2. For college as a whole.....this has to be a disaster. I have long predicted football programs will be closing shop in smaller schools. Why follow schools if you are a fan at places like Tennessee Chattanooga, Western Ky, UAB, etc...heck even Central Michigan, Toledo, etc...why have a team if you're a farm team for your better players jumping to P5.

I still have no idea why football allows this free agency nonsense every year. (even bigger school coaches don't like this concept). So this could go down the path of MLB...big markets get all the talent and smaller markets can't keep their own talent. And as fans get tired of this stuff.....more and more followers will just not even follow and then the money is gone and the pool keeps getting smaller and smaller of fans that follow the sport.

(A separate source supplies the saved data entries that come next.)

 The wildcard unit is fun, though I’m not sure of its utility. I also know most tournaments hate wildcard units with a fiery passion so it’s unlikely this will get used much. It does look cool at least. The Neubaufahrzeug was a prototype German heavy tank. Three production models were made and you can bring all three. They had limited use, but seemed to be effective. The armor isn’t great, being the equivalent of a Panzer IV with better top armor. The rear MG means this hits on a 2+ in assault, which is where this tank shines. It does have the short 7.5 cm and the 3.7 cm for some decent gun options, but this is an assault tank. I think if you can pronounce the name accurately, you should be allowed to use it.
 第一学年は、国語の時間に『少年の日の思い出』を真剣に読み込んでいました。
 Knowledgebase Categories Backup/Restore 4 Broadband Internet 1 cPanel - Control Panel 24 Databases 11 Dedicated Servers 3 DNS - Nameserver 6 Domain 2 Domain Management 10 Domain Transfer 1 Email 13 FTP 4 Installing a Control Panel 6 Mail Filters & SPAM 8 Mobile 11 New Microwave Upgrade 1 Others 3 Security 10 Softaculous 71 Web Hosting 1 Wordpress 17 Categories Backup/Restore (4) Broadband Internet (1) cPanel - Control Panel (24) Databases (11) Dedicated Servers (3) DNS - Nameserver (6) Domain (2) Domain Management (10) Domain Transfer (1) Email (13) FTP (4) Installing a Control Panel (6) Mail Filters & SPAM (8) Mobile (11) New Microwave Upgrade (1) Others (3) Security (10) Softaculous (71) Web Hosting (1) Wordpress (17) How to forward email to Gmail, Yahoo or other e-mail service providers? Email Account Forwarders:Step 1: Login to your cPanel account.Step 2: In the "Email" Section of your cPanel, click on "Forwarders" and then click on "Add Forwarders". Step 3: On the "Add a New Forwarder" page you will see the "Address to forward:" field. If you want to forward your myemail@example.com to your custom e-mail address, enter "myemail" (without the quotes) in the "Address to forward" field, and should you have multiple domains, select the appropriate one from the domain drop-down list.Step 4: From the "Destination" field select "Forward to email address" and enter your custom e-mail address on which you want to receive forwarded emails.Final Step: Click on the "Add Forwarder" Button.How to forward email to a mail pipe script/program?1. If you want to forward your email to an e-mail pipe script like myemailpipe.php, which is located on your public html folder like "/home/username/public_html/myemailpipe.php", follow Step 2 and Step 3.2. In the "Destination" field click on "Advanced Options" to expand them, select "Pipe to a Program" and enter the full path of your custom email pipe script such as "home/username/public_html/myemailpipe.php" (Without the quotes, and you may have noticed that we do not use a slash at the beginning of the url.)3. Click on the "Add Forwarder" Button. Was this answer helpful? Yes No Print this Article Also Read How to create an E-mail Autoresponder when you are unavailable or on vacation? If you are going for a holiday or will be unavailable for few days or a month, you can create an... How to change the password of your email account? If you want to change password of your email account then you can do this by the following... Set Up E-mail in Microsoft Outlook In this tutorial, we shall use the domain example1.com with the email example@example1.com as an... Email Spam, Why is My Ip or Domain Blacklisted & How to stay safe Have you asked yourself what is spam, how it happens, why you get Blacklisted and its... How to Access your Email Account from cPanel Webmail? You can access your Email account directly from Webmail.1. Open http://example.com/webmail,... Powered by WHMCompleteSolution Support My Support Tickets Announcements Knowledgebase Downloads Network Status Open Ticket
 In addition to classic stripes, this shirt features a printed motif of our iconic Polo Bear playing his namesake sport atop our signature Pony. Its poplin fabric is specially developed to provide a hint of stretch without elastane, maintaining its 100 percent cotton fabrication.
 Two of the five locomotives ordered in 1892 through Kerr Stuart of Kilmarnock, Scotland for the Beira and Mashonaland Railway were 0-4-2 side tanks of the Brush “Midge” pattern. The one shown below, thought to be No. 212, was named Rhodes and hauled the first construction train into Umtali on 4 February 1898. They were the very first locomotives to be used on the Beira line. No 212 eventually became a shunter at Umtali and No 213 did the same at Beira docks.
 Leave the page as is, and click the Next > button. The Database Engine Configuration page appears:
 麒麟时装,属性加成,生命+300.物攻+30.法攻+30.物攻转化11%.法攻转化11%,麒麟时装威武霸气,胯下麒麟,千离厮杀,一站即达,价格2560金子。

While I also dislike it, what I worry about it that this is the model EVERYWHERE, for just about every major profitable sport in the entire world except for the US. Most obvious in international football/soccer, but played out to a lesser extent with other sports. Athletes are able to realize their value very effectively in almost every other sport's globalized farm system. So that pressure to be the same will always be there. I love the old college football of course and hate almost everything about the new system, but I think the fact that it is played out this way almost every where else means that it is probably inevitable here. I guess the one positive we could try to find is that most of those global sports with multiple tiers and farm systems, etc have not died out, they have found a way to maintain their fanbases and markets, it is just a matter of adjusting.

I love college sports but it really is something unique to the US for the most part. Sports at colleges are restricted to clubs for the most part in other countries, with some of the more serious athletes who are in school being focused on the olympic sports rather than team ones. All those guys are in the club and farm systems instead.
 
The article does not lie . . . and any MAC or G5 program that visits Kroger should realize their younger players are auditioning for a transfer to Kentucky.

Just the way it is, and frankly, allowing the Top notch G5 players a shot to move up creates a slot for another player at the G5 level. Hardly a catastrophe, and actually a reflection of how free market economics and actual “freedom” is supposed to work.